In order to be elected to this U.N. club, these states had the onerous task of pledging to take human rights seriously. Angola pledged “to continue...mainstreaming human rights throughout the society [and]...promoting the rule of law, access to justice and reconciliation...” What Angola neglected to mention were some features of current conditions in the country, as recited in the recent State Department Human Rights report: “…the abridgement of citizens’ right to elect officials at all levels; unlawful killings by police, military, and private security forces; torture, beatings…corruption and impunity…” etc.

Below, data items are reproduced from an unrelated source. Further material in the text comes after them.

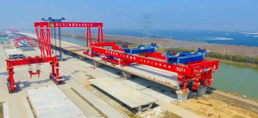 “越海号”是我国自主研发制造的目前世界最大整孔预制箱梁架桥机。它能适应不同跨径、小曲线半径、左右幅高低墩等多种特殊工况,还可以利用无级偏心可调吊具实现转体梁的架设,满足了项目施工中面临的超高段桥面渐变横坡的技术要求。截至目前,“越海号”已取得3项发明专利,另有两项发明专利正在申请。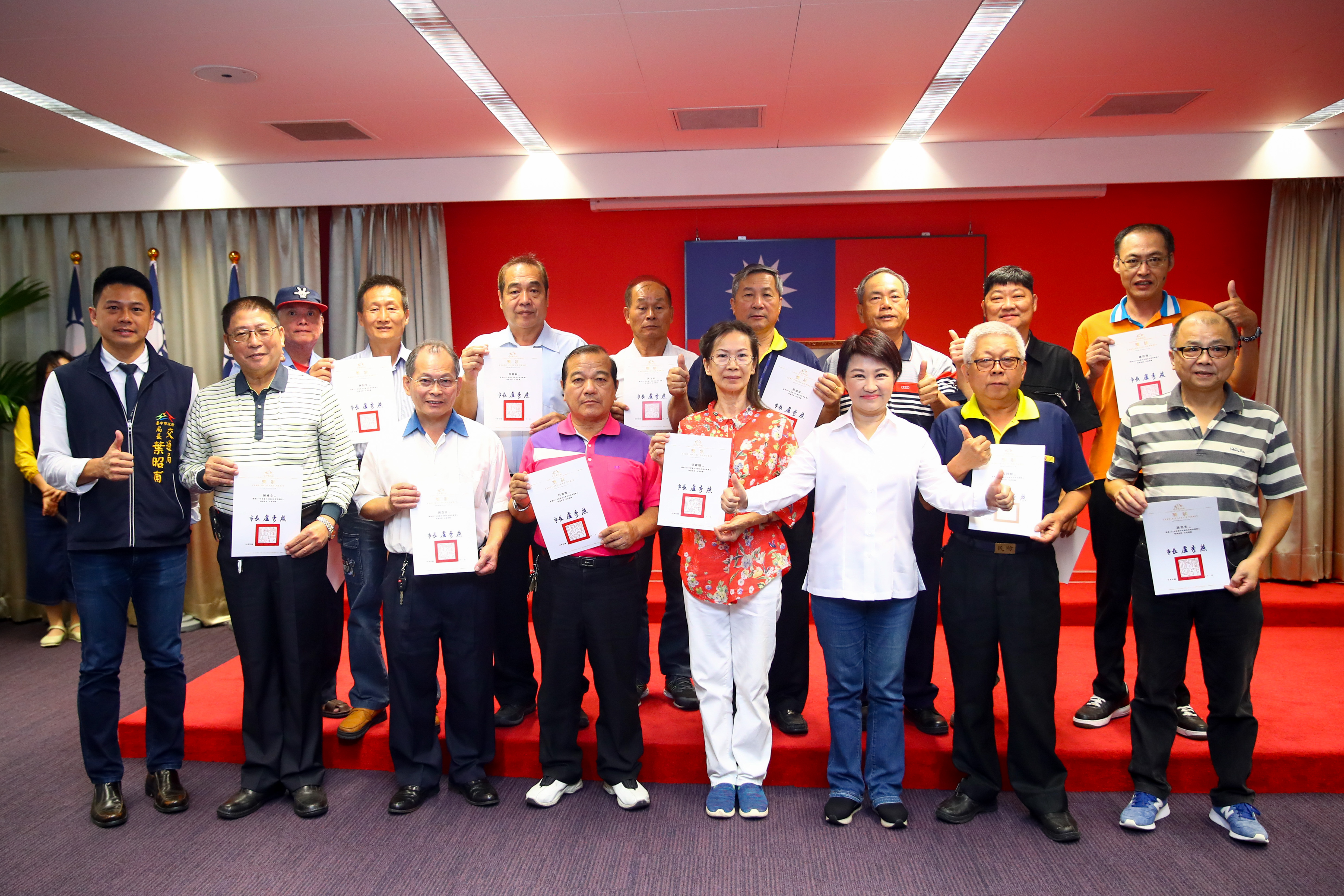 為提升台中市計程車服務品質,台中市政府交通局今年從全市7000多名計程車駕駛人中,評選出劉貴註等16位計程車優良駕駛人,市長盧秀燕今(29)日於市政會議上,頒發獎狀及6000元獎勵金予以表揚,期望他們作為同業表率,未來也持續提供優質服務,讓台中成為最宜居城市。
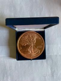 Questa moneta da 1 libbra in rame rende omaggio all'American Silver Eagle con uno splendido design patriottico. Questo popolare design è ora disponibile in una moneta da 1 libbra in rame più collezionabile.

Egypt pledged to “preserve the freedom of the press, the independence of the judiciary [and]…fulfil…political, social and economic reform, anchored in the promotion and protection of human rights...” Mysteriously omitted from the Egyptian promise were, in the words of the State Department report: “…limitations on the right of citizens to change their government; a state of emergency, in place almost continuously since 1967; torture and abuse of prisoners and detainees;…arbitrary arrest and detention…restrictions on civil liberties—freedoms of speech and press…female genital mutilation,” etc, etc.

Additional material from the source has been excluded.